## EXERCISE
As an exercise, transcribe the data below in full and exactly, omitting pictures.

## PROVIDED DATA
-*-

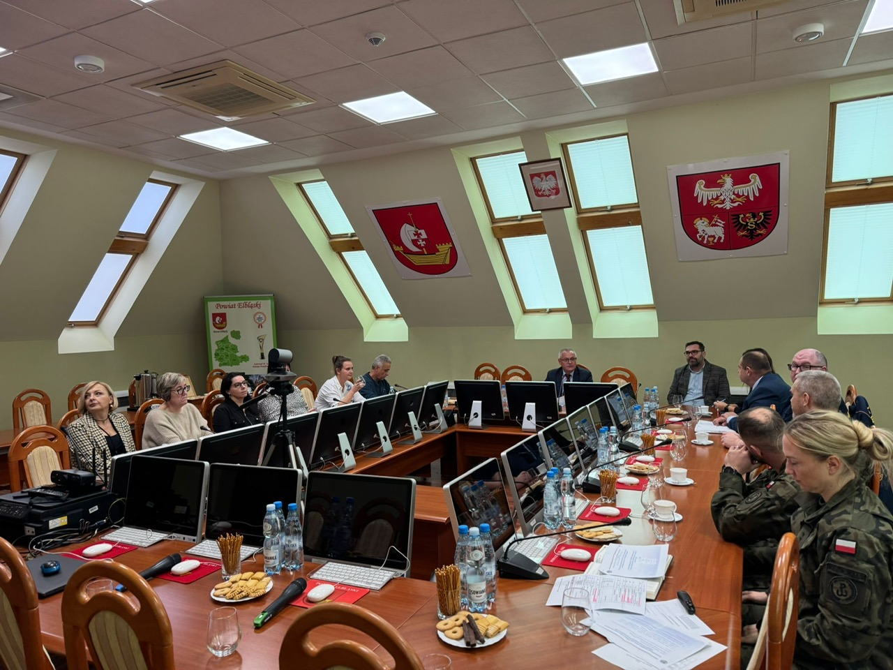 W dniu dzisiejszym, tj. 30 października br. w Starostwie Powiatowym w Elblągu odbyło się szkolenie poświęcone doskonaleniu współdziałania administracji publicznej z Siłami Zbrojnymi RP. Szkolenie, które poprowadzili przedstawiciele 43 Batalionu Obrony Pogranicza, miało na celu zapoznanie uczestników z procedurami reagowania kryzysowego oraz zasadami współpracy w sytuacjach nadzwyczajnych. W spotkaniu wzięli udział przedstawiciele gmin powiatu elbląskiego, którzy mieli okazję omówić m.in. ustawowe zadania Sił Zbrojnych RP w zakresie reagowania na kryzysy oraz zasady wnioskowania o użycie Sił Zbrojnych w sytuacjach kryzysowych. Podczas szkolenia zaprezentowano również plecak ewakuacyjny, który stanowi ważny element przygotowań w sytuacjach kryzysowych.
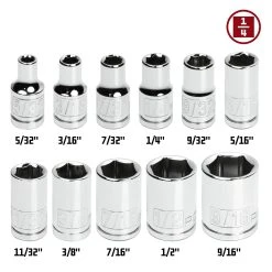INCLUDES: 1/2 Inch Drive SAE 6 Point Deep Sockets in sizes 1/2 , 9/16 , 5/8 , 11/16 , 3/4 , 13/16 , 7/8 , 15/16 Inch
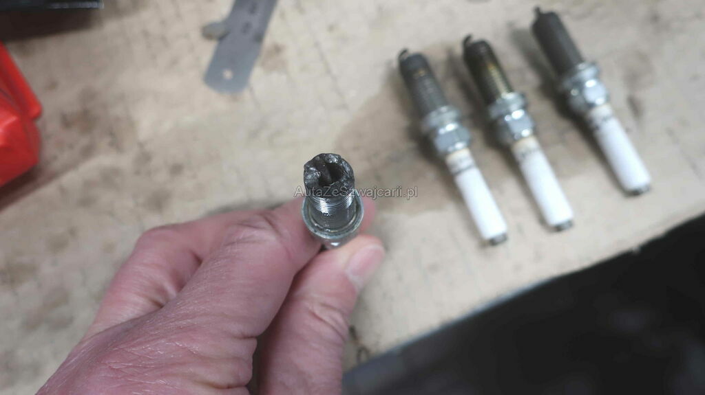 La distribution est décalée. Il n'y a plus ou peu de compression sur les cylindres 1, 2 et 4. La bougie du cylindre 2 a explosé et de la limaille est visible dans ce cylindre. Il y a des marques de soupapes sur les pistons 1 et 4.

-*-

## RESULT OF THIS EXERCISE
 W dniu dzisiejszym, tj. 30 października br. w Starostwie Powiatowym w Elblągu odbyło się szkolenie poświęcone doskonaleniu współdziałania administracji publicznej z Siłami Zbrojnymi RP. Szkolenie, które poprowadzili przedstawiciele 43 Batalionu Obrony Pogranicza, miało na celu zapoznanie uczestników z procedurami reagowania kryzysowego oraz zasadami współpracy w sytuacjach nadzwyczajnych. W spotkaniu wzięli udział przedstawiciele gmin powiatu elbląskiego, którzy mieli okazję omówić m.in. ustawowe zadania Sił Zbrojnych RP w zakresie reagowania na kryzysy oraz zasady wnioskowania o użycie Sił Zbrojnych w sytuacjach kryzysowych. Podczas szkolenia zaprezentowano również plecak ewakuacyjny, który stanowi ważny element przygotowań w sytuacjach kryzysowych.
INCLUDES: 1/2 Inch Drive SAE 6 Point Deep Sockets in sizes 1/2 , 9/16 , 5/8 , 11/16 , 3/4 , 13/16 , 7/8 , 15/16 Inch
 La distribution est décalée. Il n'y a plus ou peu de compression sur les cylindres 1, 2 et 4. La bougie du cylindre 2 a explosé et de la limaille est visible dans ce cylindre. Il y a des marques de soupapes sur les pistons 1 et 4.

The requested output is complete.